What the exercise asks: Under this line sits a listing. Repeat exactly and only its lines from the one holding "Luxurious, refined business" through the one holding "7月13日,由共青团江苏省委"; skip pictures.

Provided data:
+ + + +

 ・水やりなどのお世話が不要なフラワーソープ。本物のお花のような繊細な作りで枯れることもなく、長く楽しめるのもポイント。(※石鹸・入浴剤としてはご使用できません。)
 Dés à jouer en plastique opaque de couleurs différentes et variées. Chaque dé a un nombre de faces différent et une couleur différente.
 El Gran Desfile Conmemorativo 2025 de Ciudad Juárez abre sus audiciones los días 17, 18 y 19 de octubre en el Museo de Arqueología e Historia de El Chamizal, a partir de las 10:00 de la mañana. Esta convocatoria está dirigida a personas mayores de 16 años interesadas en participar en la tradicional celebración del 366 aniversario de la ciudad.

+ + + +

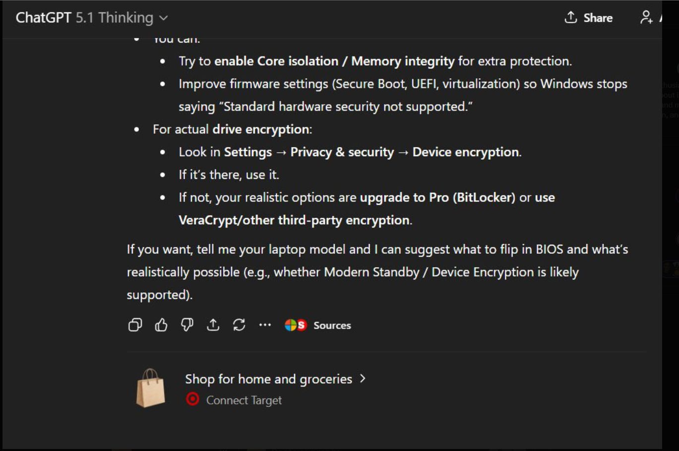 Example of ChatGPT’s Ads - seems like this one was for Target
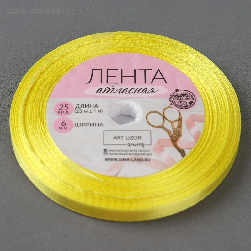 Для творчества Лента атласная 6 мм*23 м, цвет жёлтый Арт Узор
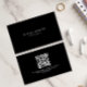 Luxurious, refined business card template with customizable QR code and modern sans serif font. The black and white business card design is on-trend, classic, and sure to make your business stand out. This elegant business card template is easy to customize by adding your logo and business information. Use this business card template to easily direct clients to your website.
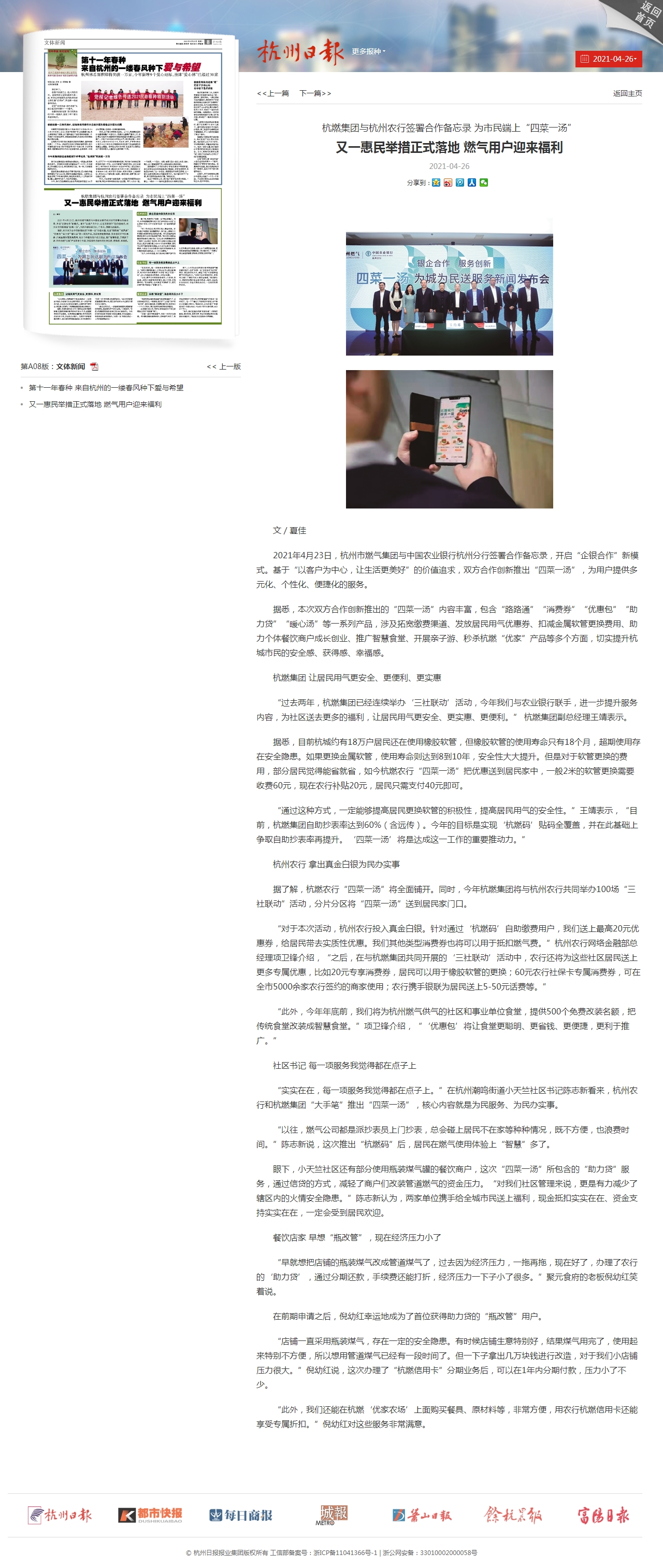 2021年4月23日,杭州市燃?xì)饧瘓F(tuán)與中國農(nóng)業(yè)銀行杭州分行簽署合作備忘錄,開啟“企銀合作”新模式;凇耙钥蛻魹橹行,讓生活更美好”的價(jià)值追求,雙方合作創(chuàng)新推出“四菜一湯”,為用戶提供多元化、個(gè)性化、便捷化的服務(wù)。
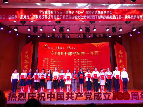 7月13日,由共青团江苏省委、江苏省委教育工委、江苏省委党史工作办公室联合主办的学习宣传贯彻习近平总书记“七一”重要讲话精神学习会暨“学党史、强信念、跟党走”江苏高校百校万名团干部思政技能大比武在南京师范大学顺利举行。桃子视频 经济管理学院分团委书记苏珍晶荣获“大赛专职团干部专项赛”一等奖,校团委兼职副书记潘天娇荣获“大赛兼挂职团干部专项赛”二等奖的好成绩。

+ + + +

Solution:
 Luxurious, refined business card template with customizable QR code and modern sans serif font. The black and white business card design is on-trend, classic, and sure to make your business stand out. This elegant business card template is easy to customize by adding your logo and business information. Use this business card template to easily direct clients to your website.
 2021年4月23日,杭州市燃?xì)饧瘓F(tuán)與中國農(nóng)業(yè)銀行杭州分行簽署合作備忘錄,開啟“企銀合作”新模式;凇耙钥蛻魹橹行,讓生活更美好”的價(jià)值追求,雙方合作創(chuàng)新推出“四菜一湯”,為用戶提供多元化、個(gè)性化、便捷化的服務(wù)。
 7月13日,由共青团江苏省委、江苏省委教育工委、江苏省委党史工作办公室联合主办的学习宣传贯彻习近平总书记“七一”重要讲话精神学习会暨“学党史、强信念、跟党走”江苏高校百校万名团干部思政技能大比武在南京师范大学顺利举行。桃子视频 经济管理学院分团委书记苏珍晶荣获“大赛专职团干部专项赛”一等奖,校团委兼职副书记潘天娇荣获“大赛兼挂职团干部专项赛”二等奖的好成绩。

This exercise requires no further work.